Abraham Sutzkever

1913 - 2010 / Smorgon, Russian Empire

The Circus

Tell me, brother, our dog's struggle
What does it mean?
Our heart's gone mad.
All words fled —
Bees from a hive embraced by smoke.
But in a backstreet of the mind,
Still throbs
A flickering nerve saved from destruction,
A last groan
Defying that blind silence
Sealed by a handful of earth.

Who are we? What is
The sense of our suffering?
If only
To be victims of a bloodthirsty lord —
Let frogs be born instead of us!
The tongue is swollen with the rusty promise
That wolf and lamb will dwell together.
As a child resembles father-mother, we
Inherit the resemblances of generations' plague,
Of being waiters at the world's set table,
Grateful for a coin tossed to us.
Is this the golden chain that binds two thousand years,
The tear chain burdening our souls?

It seems, just yesterday, forms lost their measure,
Abysses straightened out their hunchback necks
And covered the unburied skulls of generations With hope —
And we were ready
To accept the blooming wounds as medals,
Boast of them in a pagan parade:
— Ho, ho, we too take part in the dream-plundering,
With our blood, pay dues to revolutions!
We, we.
But a lion overlooks the branch-covered pit
Lurking at his paws.

Today — at dusk, in a circle,
Around bonfire's coppery wings,
Under whips of steel guards,
At the laughter of yesterday's comrade —
Naked, with striped backs,
We dance: I in the middle.
With our own hands, we are forced
To tear the silver parchment
And toss into the bonfire
Like our own limbs, singing
Happy Russian songs.
Look!

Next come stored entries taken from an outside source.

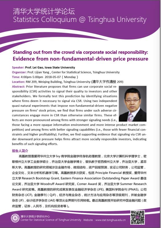 【统计学论坛】Standing out from the crowd via corporate social responsibility: Evidence from non-fundamental-driven price pressure
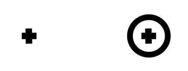 Чтобы наблюдать у себя слепое пятно, закройте правый глаз и левым глазом посмотрите на правый крестик, который обведён кружочком. Держите лицо и монитор вертикально. Не сводя взгляда с правого крестика, приближайте (или отдаляйте) лицо от монитора и одновременно следите за левым крестиком (не переводя на него взгляд). В определённый момент он исчезнет. Аналогичный опыт можно провести и с правым глазом. Этим способом можно также оценить приблизительный угловой размер слепого пятна.
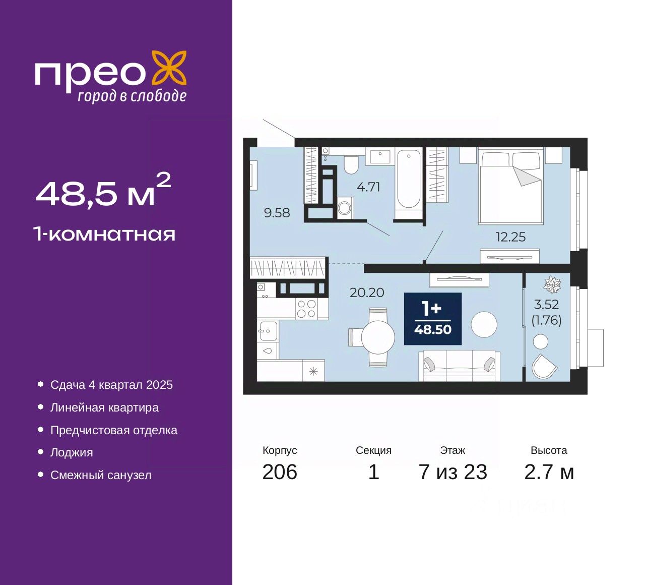 Просторная 1-комн. квартира с предчистовой отделкой в ЖК "Прео" на 7 этаже. Общая площадь: 48.5 кв.м., жилая: 12.25 кв.м., площадь просторной кухни-столовой: 20.2 кв.м. Все окна выходят на одну сторону. В квартире одна лоджия, один совмещенный санузел. Высота потолков 2.7 м.

Between sword and sheath
The voice of paradise looms,
Letters from Babylon flutter,
Inscribed on the blackboard of night.
And farther, on high coils —
Rising, the 'I am'
From a consumed parchment,
And nothing —
He too went up in smoke.

Circle, circle, dancing round,
If you have a feeling — burn it,
If there is a bath in hell,
This is where it will be found.

And without a stick the lame
And the rabbi — blind and old,
They're all hopping in a ring
For the joy and for the game.

Peasant woman hops to see:
What a circus, God is One!
Says a neighbor: Pay them stones,
For a circus costs a fee.

One whore points out in the clatter
To another: See them naked!
Stones are falling. Fire devours.
Climbs a sheygets on a ladder.

Rabbi falls with stones that fall,
Kissing sparks in ashes flying.
And his Sh'ma is drowning too
In the coldness of the All.

And I, who was the clown in that disgraceful spectacle,
Had no courage to stammer a curse,
No strength to throw myself into the death,
As did my brothers in the time of Hadrian the Roman
When faith stifled in their body all the pain
(Though my heart is poisoned with coal glow
And the eyes of my spirit are speared with smoke).
Worse: I knelt naked before him,
Who defied my father in his grave,
And with tears like black pox,
I begged for mercy.

Cursed one! Where is your old shield
That bent the spears of nations?
The colors of that image, don't they reach you?
The blood of your forefathers, was it never revealed?

This is your punishment: to gasp half dead,
Gulping death rattles of your brothers, insane.
For you have not deserved the last bread
Of joy: being naught — which means: becoming again.